🤖 AI Summary
This study investigates whether large language models (LLMs) can autonomously generate executable board game code from natural-language rule descriptions, aiming to establish an efficient, reusable LLM-assisted tabletop game development framework.
Method: We propose Boardwalk—a universal game interface—and anonymize game elements to mitigate pretraining knowledge bias. Using Claude, DeepSeek, and ChatGPT, we evaluate code generation across 12 board games under two settings: unconstrained free generation and Boardwalk API-constrained generation.

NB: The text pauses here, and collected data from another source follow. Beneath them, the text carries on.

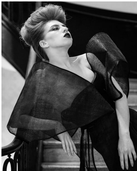
High Fashion by Kim Kurovsky

WI Chapter PSA Club Showcase - The image for the 2021 – 2022 PSA Club Showcase are here. Our seven images are: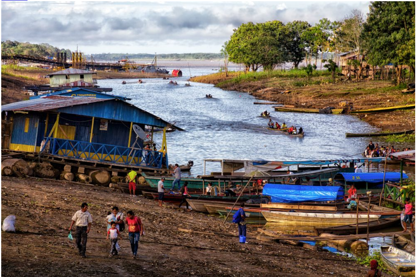
Harbor in Leticia, Colombia, July 2012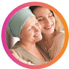
Chronic disease sufferers and certain medication- related oral side effects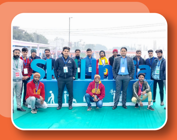
CGSSC participated in Kaushal Mahotsav organized by NSDC in Bundi Rajasthan. Five companies from capital good sector participated and selected 224 candidates.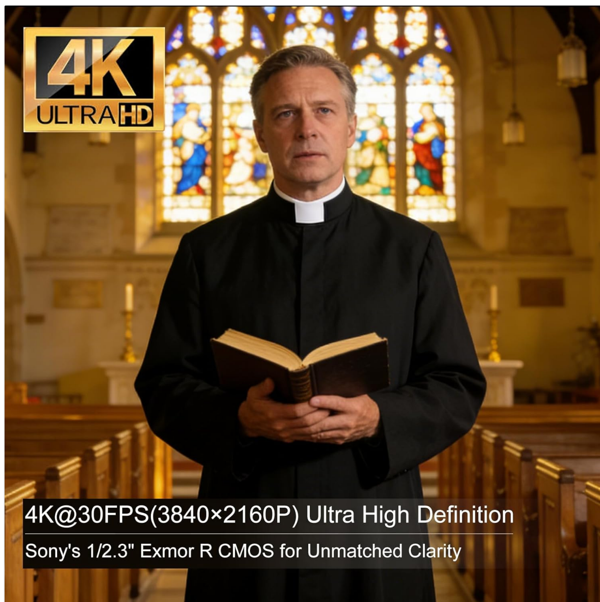
Figure 13: 4K@30FPS (3840x2160P) Ultra High Definition with Sony's 1/2.3" Exmor R CMOS sensor.

Key features include a professional Tally light for clear on-air cues and a 58mm filter thread for attaching ND or polarizing filters, allowing for perfect exposure control in diverse lighting conditions.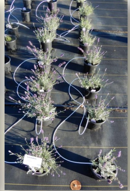
Group 5 Planted: wk 28 Photo: wk 40 (10.4.19)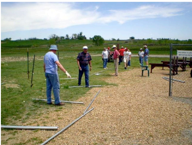
Installing the fence on the north side of the field.

The field work day on May 12 th was a success due to excellent turnout, and we put up some really nice new chain link fencing and stained the benches, in addition to trimming the fields and edges. I've included some photos below.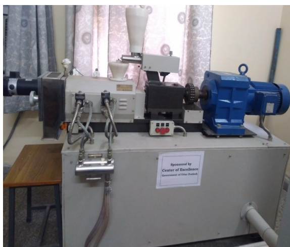
(Fig.1 A-Twin screw extruder)

Total quantity of each sample prepared was 500gm (C=Control, C1=5%, C2=10%, C3=15%, C4=20% sample)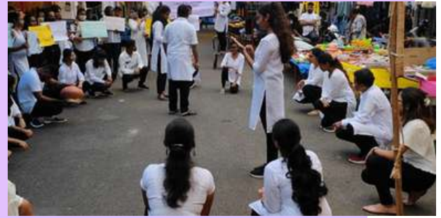
Street play Body shaming at Nuvem Market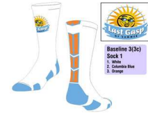
Last Gasp of Summer Sock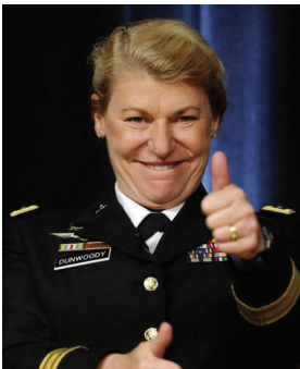
Gen. Dunwoody at her promotion in the Pentagon, Nov. 14 th

I witnessed history in the making when I attended the promotion of Gen. Ann E. Dunwoody last November. It was a thrill to see the first woman promoted to four-star general! Noting the crowded auditorium, Army Chief of Staff Gen. George Casey Jr. remarked that it looked like "everyone but the fire marshal" was there. In her remarks Gen. Dunwoody spoke of the service of her father, grandfather, and great-grandfather, all graduates of the U.S. Military Academy. Her brother is also a West Point graduate; her sister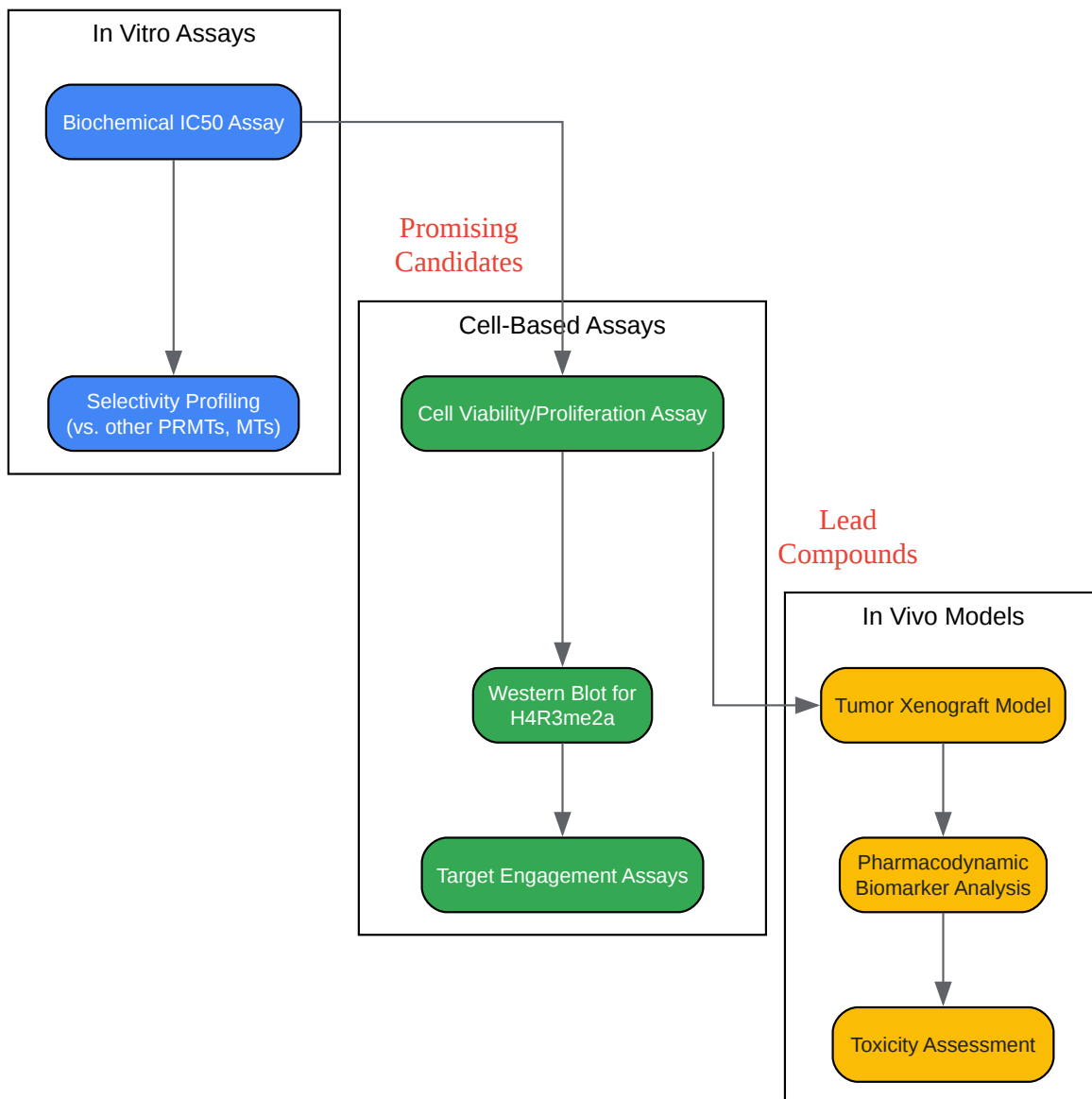
Workflow for PRMT1 Inhibitor Evaluation

Click to download full resolution via product page

Contribution/Results: Under API constraints, Claude 3.7 Sonnet achieves a 55.6% zero-error generation rate—significantly outperforming free generation. This work provides the first systematic empirical analysis of LLMs’ capabilities and failure modes in rule-to-code translation, quantifying the critical impact of API design on generation fidelity. It establishes foundational evidence and methodological guidance for automated board game development.
📝 Abstract
Implementing board games in code can be a time-consuming task. However, Large Language Models (LLMs) have been proven effective at generating code for domain-specific tasks with simple contextual information. We aim to investigate whether LLMs can implement digital versions of board games from rules described in natural language. This would be a step towards an LLM-assisted framework for quick board game code generation. We expect to determine the main challenges for LLMs to implement the board games, and how different approaches and models compare to one another. We task three state-of-the-art LLMs (Claude, DeepSeek and ChatGPT) with coding a selection of 12 popular and obscure games in free-form and within Boardwalk, our proposed General Game Playing API. We anonymize the games and components to avoid evoking pre-trained LLM knowledge. The implementations are tested for playability and rule compliance. We evaluate success rate and common errors across LLMs and game popularity. Our approach proves viable, with the best performing model, Claude 3.7 Sonnet, yielding 55.6% of games without any errors. While compliance with the API increases error frequency, the severity of errors is more significantly dependent on the LLM. We outline future steps for creating a framework to integrate this process, making the elaboration of board games more accessible.